London, February 28, 2024 – Launched today by UBS Investment Bank and UBS Global Wealth Management’s Chief Investment Office, this edition demonstrates the combined strength of UBS and Credit Suisse as the integration of the two banks progresses, and also marks the continuity of a longstanding partnership with the authors, Professor Paul Marsh and Dr Mike Staunton of London Business School and Professor Elroy Dimson of Cambridge University.

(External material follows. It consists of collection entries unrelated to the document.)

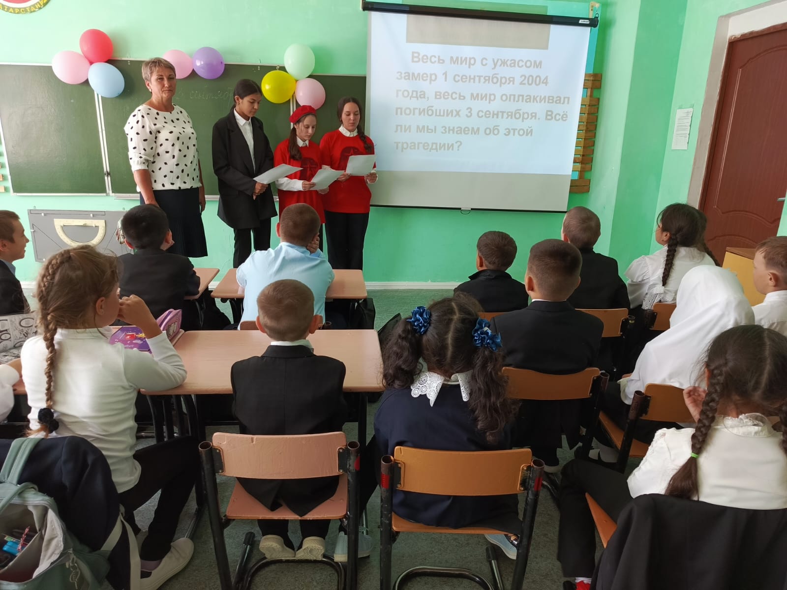 Сегодня 3 сентября учащиеся МБОУ «Больше-Машляковская СОШ узнали, какая ужасная трагедия случилась в Северной Осетии в Беслане 1 сентября 2004 года. От позорных пуль террористов в спину невинные дети погибли в праздничный день в священном месте – в школе. Сейчас эту трагедию помнит и
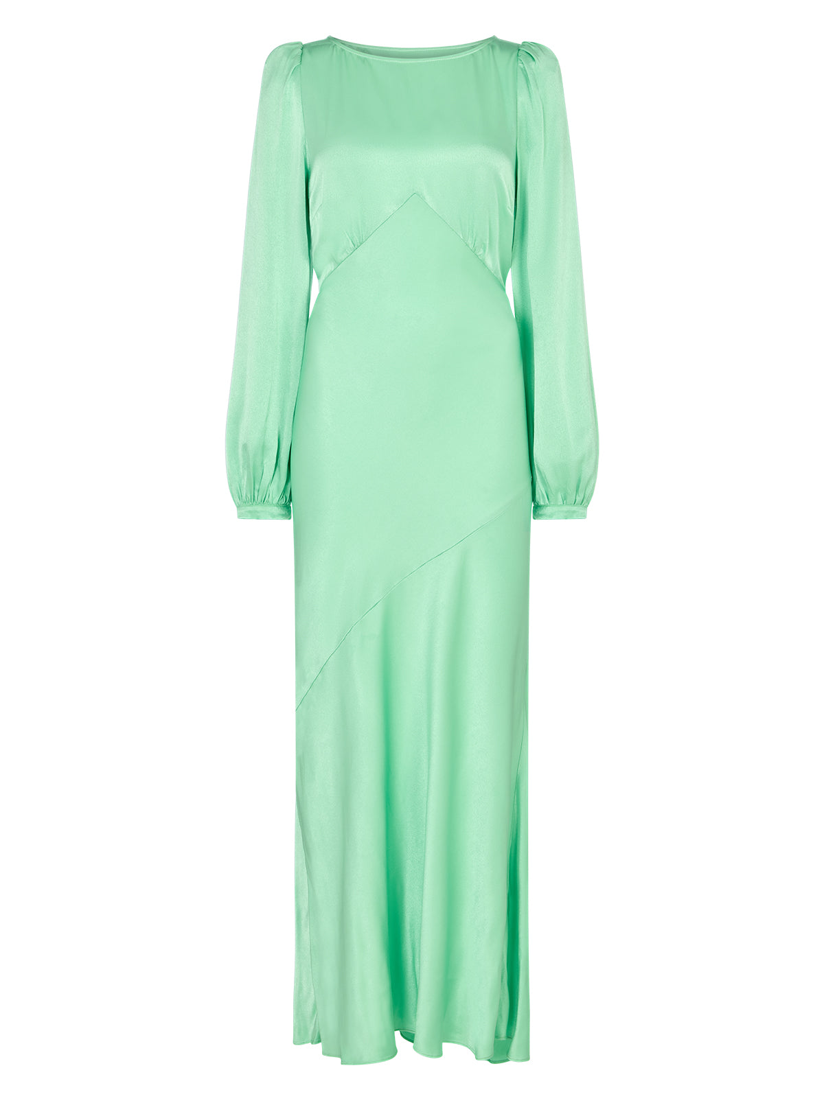 Slip into timeless elegance with this flowing Yara Mint Satin Maxi Dress, designed to turn heads from every angle. Cut on the bias for a beautifully fluid drape, the skirt features subtle panel detailing and a flattering waist seam that defines your silhouette. A wide, graceful neckline and voluminous long sleeves add vintage-inspired glamour, while the deep V-back delivers an unexpected touch of drama. The fresh mint hue makes it a standout choice for both daytime events and evening occasions.
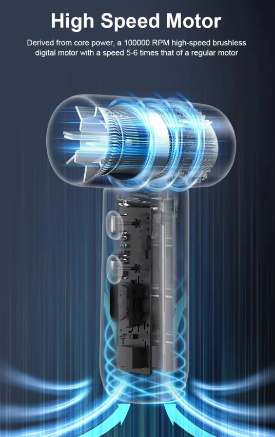 Suflanta Turbo cu Lumina UV, model BST-AP-03, este un dispozitiv portabil de mare viteza, echipat cu motor brushless de 100000 RPM si lumina UV integrata. Conceputa pentru utilizare atat in exterior, cat si in interior, genereaza un jet puternic de aer pentru aprinderea focului, curatarea prafului, indepartarea picaturilor de apa sau umflarea obiectelor gonflabile. Carcasa din ABS asigura rezistenta si greutate redusa, iar bateria interna permite utilizarea fara cabluri. Lumina UV de 3W ofera suport pentru uscare si igienizare punctuala.
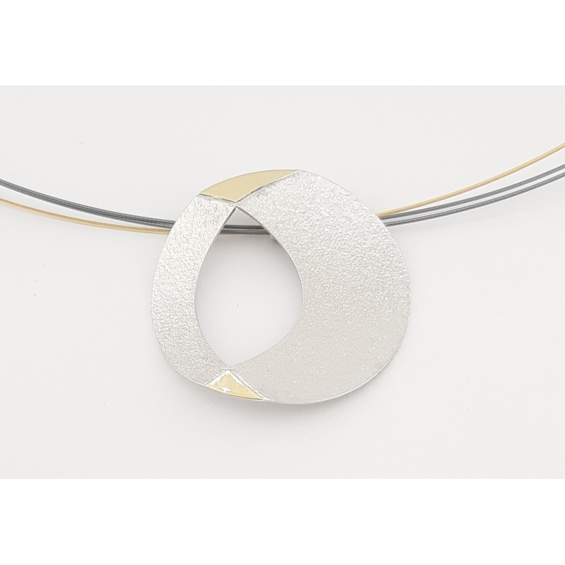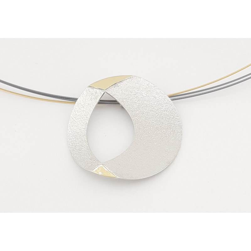 Colgante de 30mm de largo por 30mm de ancho fabricado en plata de 1ª ley 925mls rodiada y oro de 18k 750mls pulido. Una pieza contemporánea y elegante.
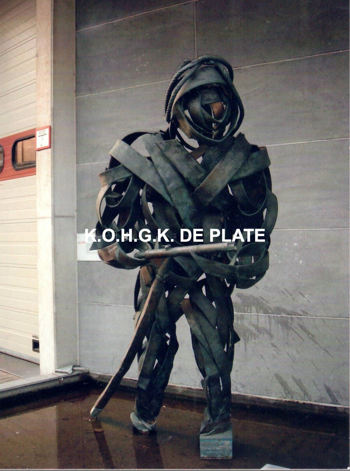 Formaat : 13,5 x10 cm. - Het beeld staat in de ingang van de brandweerkazerne
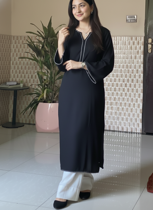 "Samita" - Black Rayon Kurta Set with Contrast White Piping
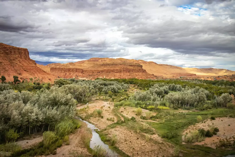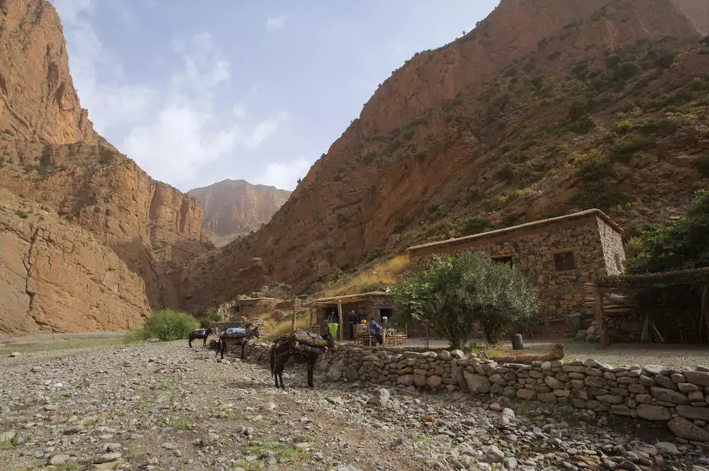 Wir lassen Marrakesch hinter uns und fahren anfangs durch Oliven-, später durch Mandelbaum-Haine und an Kakteenfeldern entlang. Kurz vor Azilal machen wir einen Abstecher zu den Ouzoud-Wasserfällen, die wohl meistfotografierten Kaskaden Marokkos. In Zaouiat Ahansal schultern wir unsere Rucksäcke und wandern durch ein weites Flusstal, bis uns die majestätischen Felswände von Taghia begrüßen. Das Dorf liegt wie ein verstecktes Juwel inmitten eines natürlichen Amphitheaters. GZ ca. 2 Stunden, +400, -200 m. Die untergehende Sonne taucht die rötlichen Wände in ein spektakuläres Licht – Atlasglühen pur! Hüttenübernachtung in Taghia. 240 km. (F, M, A)
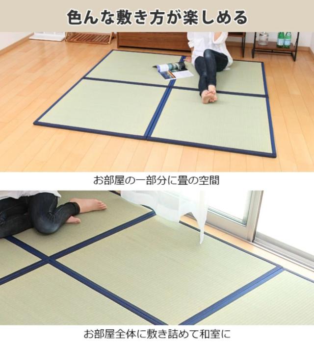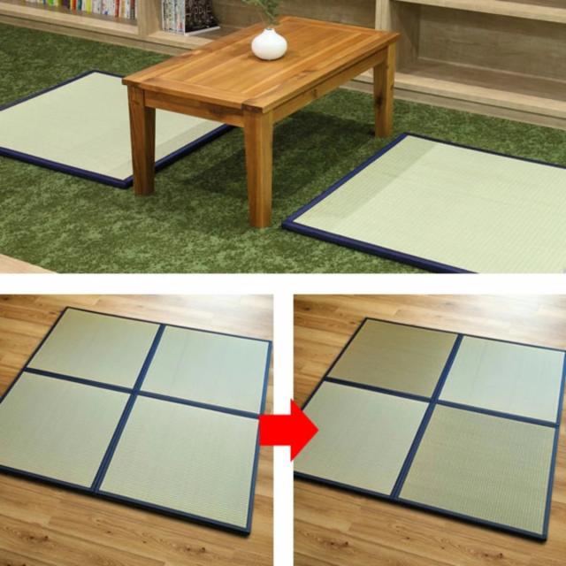 フローリングに置くだけで、くつろぎの和の空間を実現できるユニット畳です。好きな向きを選んで市松敷きにしたり、直線に並べてシンプルにしてみたり、いろいろな敷き方が楽しめます。お部屋の一角や中心に置くだけで、お部屋を模様替えできます。こたつ敷きや来客用にもご使用ください。
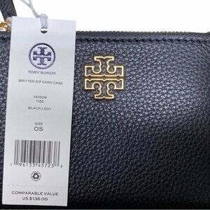 NWT Tory Burch Blake Bucket bag MSRP $398, Britten Zip Card wallet $138. Chic Tory Burch shoulder bag with matching pouch. Sleek black design with signature Tory logo. Perfect for versatile styling. Seriously downsizing my handbag collection please see my other listings - more to come too.
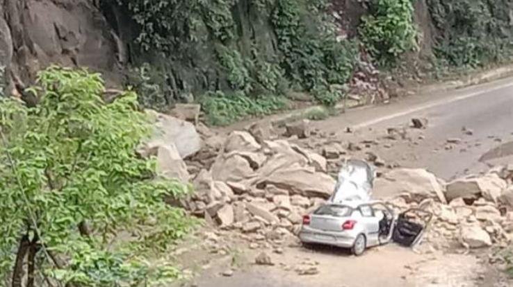 काँगड़ा : नूरपुर में राष्ट्रीय राजमार्ग के पास कार पर गिरी चट्टान, एक व्यक्ति घायल
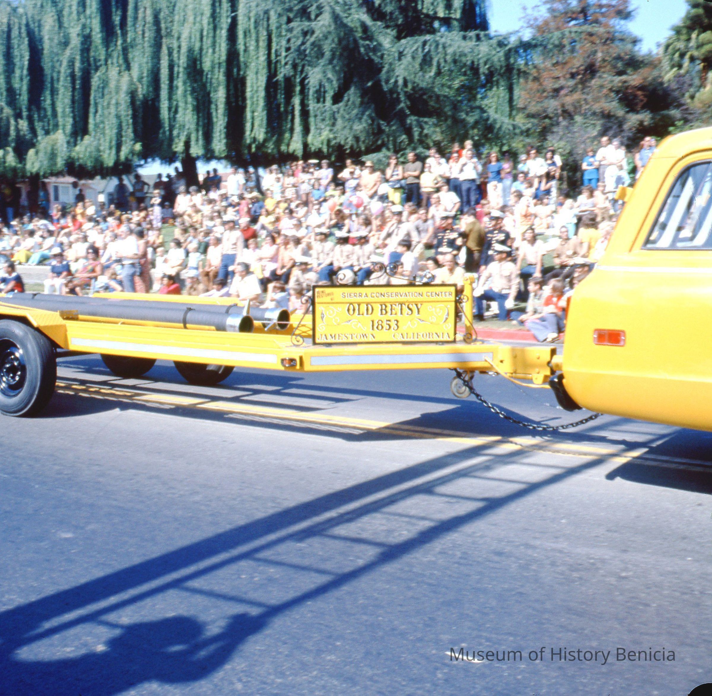 Shown is a truck pulling a trailer from the Sierra Conservation Center in Jamestown, a sign reading "Old Betsy 1853" is on the trailer, in the parade as it passes City Park.Collection
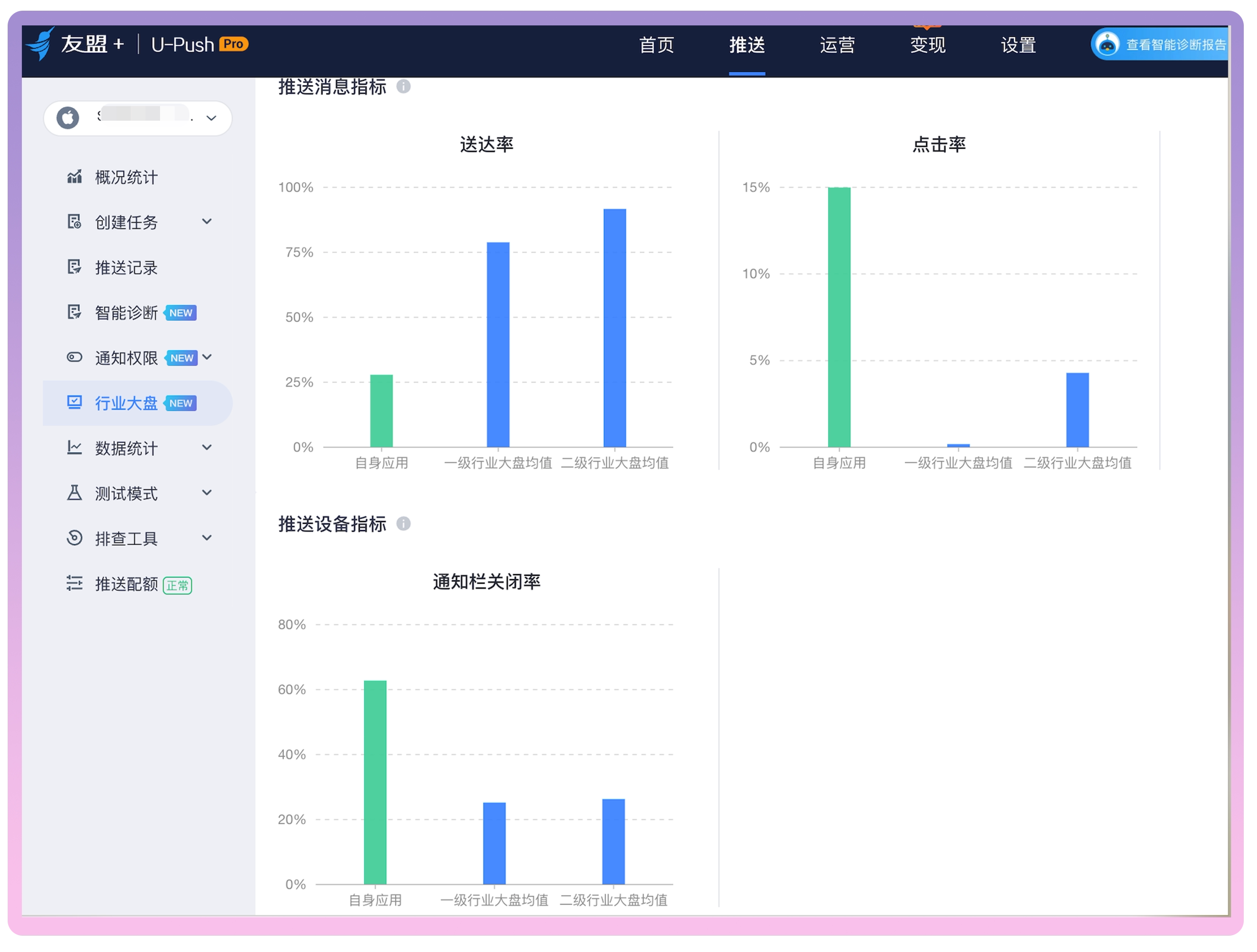 为帮助您全面评估推送效果,U-Push 在iOS端新增行业大盘对比能力。通过该功能,您可以:
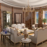 Классика – это вечно. Она была, есть и будет всегда в моде! Кроме того, классический интерьер говорит о том, что у хозяев достаточно изысканные вкусовые качества. Шторы представляют воздушную органзу, сочетаясь с тяжелыми непрозрачными тканями. Такой вариант является достаточно функциональным, поскольку органза позволяет лучам солнца «пробиваться» в гостиную, а непрозрачная ткань поможет «скрыться» от солнышка и чужих взглядов.
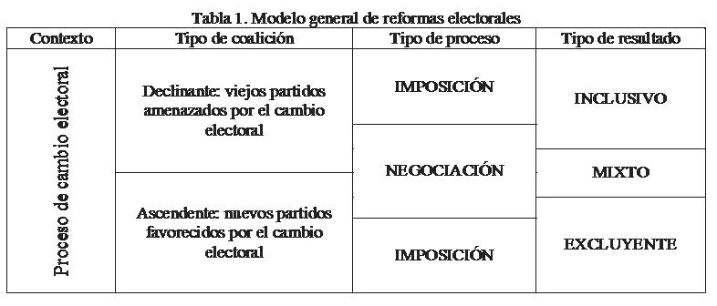 Evidentemente, las reformas electorales en el mundo real no tienen por qué responder a uno de los dos modelos de forma pura, fundamentalmente por dos razones: en primer lugar porque la racionalidad imputada a los actores no es perfecta ni la información de que disponen es completa, por lo que podrían apoyar reformas que los perjudiquen electoralmente y, en segundo lugar, porque la coalición reformista no constituye necesariamente un actor unitario, por lo que a su interior pueden coexistir intereses diversos y contrapuestos que conducirían a una reforma negociada con medidas de diverso tipo. En este caso, la reforma resultante puede contener tanto normas más excluyentes como más inclusivas. Por lo tanto, el resultado depende también del proceso político a través del cual se concrete la reforma, en función del poder y la homogeneidad con los que cuente la coalición reformista. Si se da un proceso de imposición de una coalición reformista con intereses homogéneos (ya sea declinante o ascendente) podemos esperar que el resultado se aproxime bastante a alguno de los tipos puros de reforma. En cambio, si la coalición reformista original debe ampliarse con otros actores para viabilizar la reforma, es más probable que se obtenga un resultado mixto. La siguiente tabla representa sintéticamente el modelo expuesto.
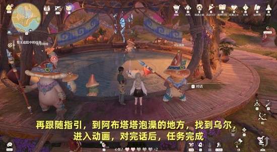 再次跟随指引,去找菇菇王泡澡地方和乌尔集合,走进,进入动画;
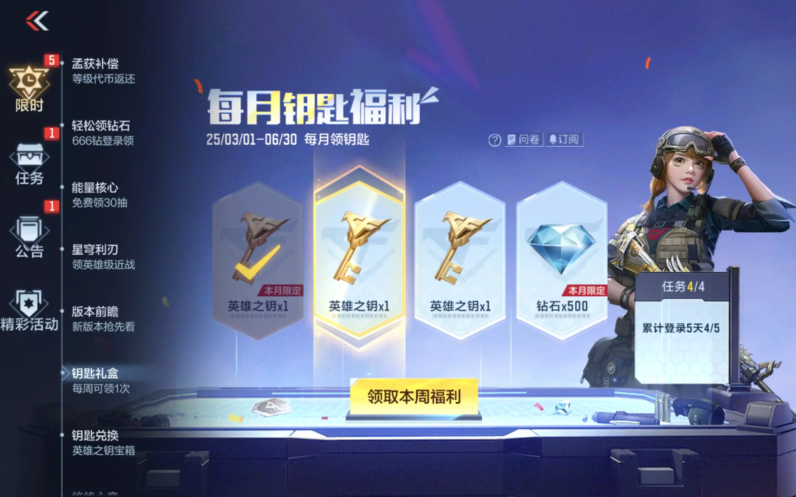每月必参与的钥匙福利活动正在进行中!完成每周任务,即可领取3 把英雄之钥 + 500 钻石。足足3把英雄之钥、500钻石,让你在商城中尽情选购心仪的道具。本周任务已刷新,上线随手完成,福利轻松积累!

This year’s edition of the Global Investment Returns Yearbook covers the following key themes:

  • Since 1900, equities have outperformed bonds, bills and inflation in all 21 markets for which the Yearbook has a continuous history. Equities have dominated bonds, while bonds have outperformed treasury bills. The same held true for the rest of the 35 Yearbook markets with start dates after 1900.
  • The US market now accounts for a staggering 60.5% of total world investable equity market value, dominating Japan (ranked in second place at 6.2%), the UK (third at 3.7%) and Mainland China (2.8%).
  • The majority of long-run asset returns are earned during easing cycles. From 1914 to 2023, US markets were in a rising interest rate mode 45% of the time and in a falling mode 55% of the time. The annualized return on US stocks and bonds was 9.4% and 3.6% during easing cycles, compared with just 3.6% and -0.3% during hiking cycles. UK data since 1930 reveals a similar pattern.
  • While currencies fluctuate considerably, since 1900, real exchange rate changes have largely reflected relative inflation rates. Most currencies weakened against the US dollar, and only a couple (most notably the Swiss franc) proved perceptibly stronger.
  • Markets have transitioned from a low-return world to a higher return world thanks to a sharp increase in the real rate of interest and poor returns back in 2022. Long-run projected returns on stocks and bonds are now some two percentage points higher than two years ago.
  • Premiums from factors such as size, value and momentum have experienced long drawdowns. Factors will stay important in explaining returns, but it is unclear whether they will generate future premiums.
  • Based on long-run evidence from 1900 for the US and 1860 for the UK, investment grade corporate bonds have offered a significant credit risk premium over equivalent government bonds of around one percentage point per year. The premium from high-yield bonds is some two percentage points higher than this.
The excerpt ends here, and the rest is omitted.